Fourth, CIDA will face a number of obstacles to meaningful reform, including:

• Contractors and executing agents dependent on the continuation of the current practice;

• Department of Foreign Affairs opposition to concentration, insisting on remaining present in as many countries as possible;

• Insistence by government central agencies on excessive investment in prudential safeguards and performance measurement where results are inherently hard to measure;

• Multiyear financial commitments, which mean that any change in priority takes time to implement, but reaps immediate criticism and opposition; and

• The lack of an informed domestic constituency that would support fundamental changes to aid programming.

The government will need to develop a sophisticated, multiaudience, multimedia communications strategy to persuade the general public, government, contractors and well-meaning NGOs of the necessity for change.

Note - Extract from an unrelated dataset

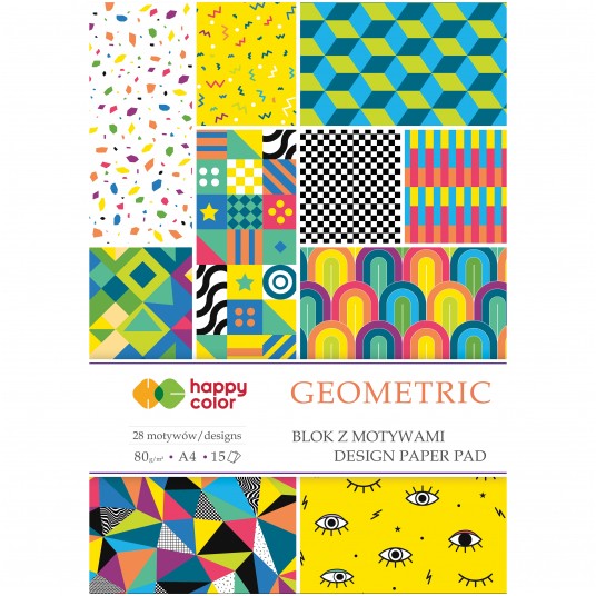 Blok z motywami geometric, A4, 80g/m2, 15 arkuszy, 28 motywów, Happy Color
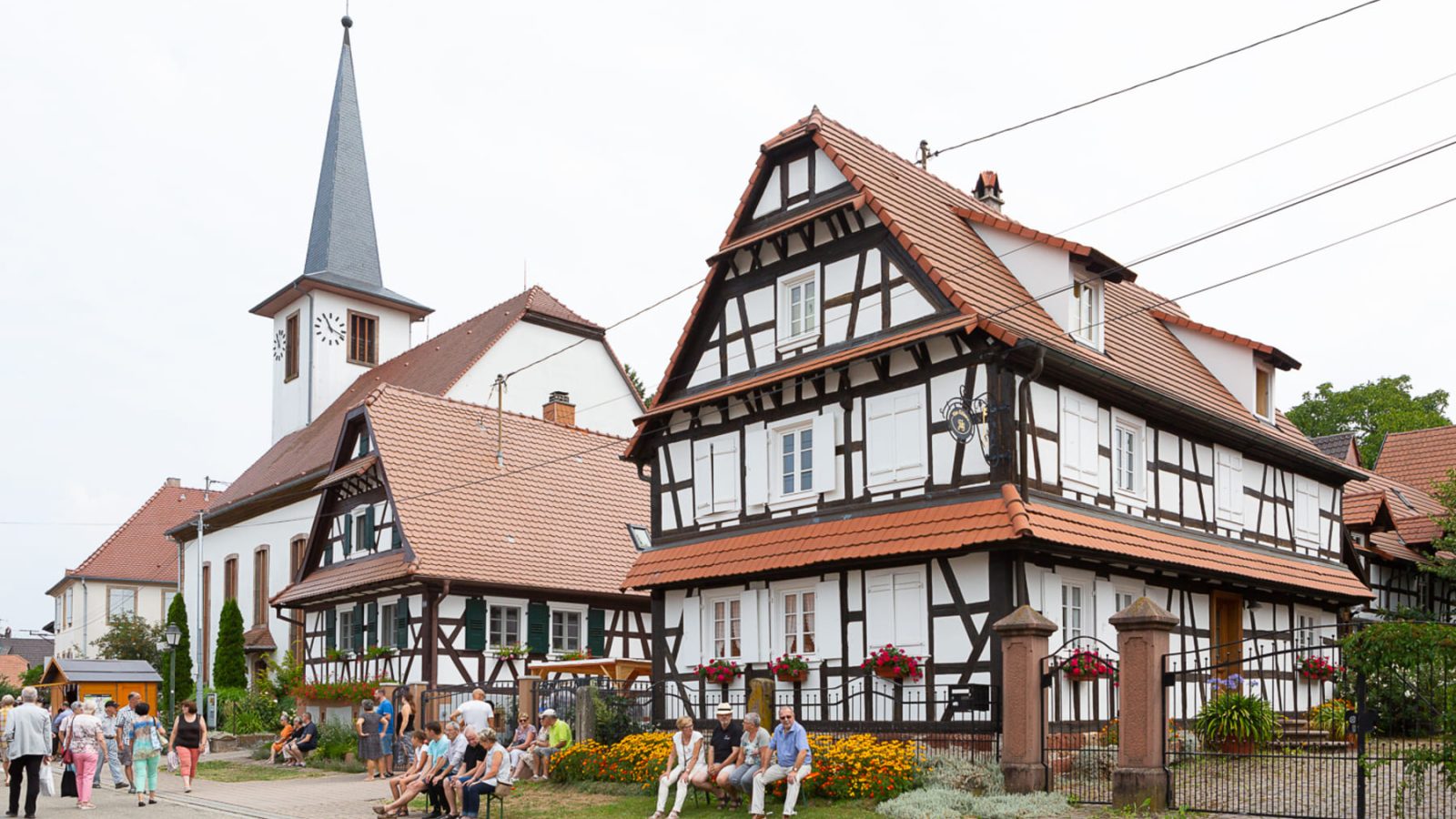 Les maisons de Seebach sont systématiquement blanches, ce qui leur confère une grande dignité dans cet habit de cérémonie relevé par le noir des poutres. On notera qu’ici, elles ne se sont jamais parées des bleus profonds, des verts ou des rouges sang des maisons plus anciennes voire médiévales, tout juste parfois, une petite touche de bleu de méthylène dans le blanc.

Without such an effort to inform, the political will to try new methods is unlikely, and CIDA will remain as Monique Landry, a former cabinet minister responsible for the agency, characterized it in 1991: a "giant in chains," unable to do the good that Canadians expect it to accomplish.

Barry Carin is associate director of the Centre for Global Studies and adjunct professor of public administration at the University of Victoria. Gordon Smith is executive director of the Centre for Global Studies and a senior research fellow at the Canadian Defence and Foreign Affairs Institute.